TLDR: Documentation should be readily available. Plans should be written down, linked to tickets, and tickets linked to code via commit messages. This applies at all scales: global infrastructure, a single application, or a single package within a codebase.
“Why”. It’s the eternal question.
Take a minute to consider the old story about the three bricklayers. The third bricklayer is the focus of the story, the one with the most well-developed sense of meaning. I think this story is popular because deep down, we all feel a need to search for meaning. We obviously search for facts and information…the “what” and “how”, and we must answer these before we can ask/understand the “why”.
Also consider the Five Whys. Again, the focus is on the “why”…there’s no such thing as “five whats” or “five whos”.
My point with all this is that question “why” is a special one. Having the answer is incredibly valuable, but it can also be an exceptionally hard answer to get. Chesterton’s Fence feels like a corollary to this idea.
This matters for coding, because engineers jobs mostly come down to “changing code”. We want the code to keep doing all the things it was, but we want one thing to change. When an engineer is editing code before they can make any change, they need to understand two things:
- what is this code doing?
- why was it written this way?
Usually it’s easy to get an answer to #1, but it can be very difficult to get an answer to #2. It’s not always obvious why something was done a certain way. There should be documentation, but there often isn’t any, or it’s not easy to find.
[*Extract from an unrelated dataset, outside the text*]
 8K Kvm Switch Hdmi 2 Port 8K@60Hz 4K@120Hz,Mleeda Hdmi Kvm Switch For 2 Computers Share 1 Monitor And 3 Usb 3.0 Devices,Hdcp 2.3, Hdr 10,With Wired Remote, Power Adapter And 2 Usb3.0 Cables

I remember working on an older codebase where someone migrated from one Git repo to another, but instead of doing it in a way that preserved the commit history, they just copied the files into a new directory, and ran:
git add *; git commit -m "first commit"
Never do this. It completely removed the entire git history, and removed most of our ability to understand why things were done a certain way. We ended up moving slowly and breaking things. We also hated the code, and you know what they say about being considerate of the mental state of the people who maintain your code.
…it is possible to look at a line of code and 60 seconds later, have access to the full history of that code, all the way to the business strategy document explaining why that line of code is valuable to the company.
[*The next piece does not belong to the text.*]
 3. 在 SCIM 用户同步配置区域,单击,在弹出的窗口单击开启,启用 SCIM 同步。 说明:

If you follow a good process, it will be easy for your engineers to understand the system quickly, and they’ll get more work done, with higher quality. Here’s how it works for them:
- Read a line of code. Look at surrounding comments.
- Use “git blame” to view the commit message. From here the engineer can see notes from the person who wrote the code. Usually not a ton of information, but you can understand their thought process.
- The commit message is linked to a PR. This shows the engineer all of the other code changed at the same time, plus the notes from the review process, the PR description and a link to the ticket
- The ticket explains more information, and is linked to other tickets with more information. The ticket also establishes timeframes, and you can search for other tickets worked on around the same time.
- One of the tickets (usually some kind of parent/feature ticket) will have a link to a planning document with even more information.
If your team follows the right process, it is possible to look at a line of code and 60 seconds later, have access to the full history of that code, all the way to the business strategy document explaining why that line of code is valuable to the company.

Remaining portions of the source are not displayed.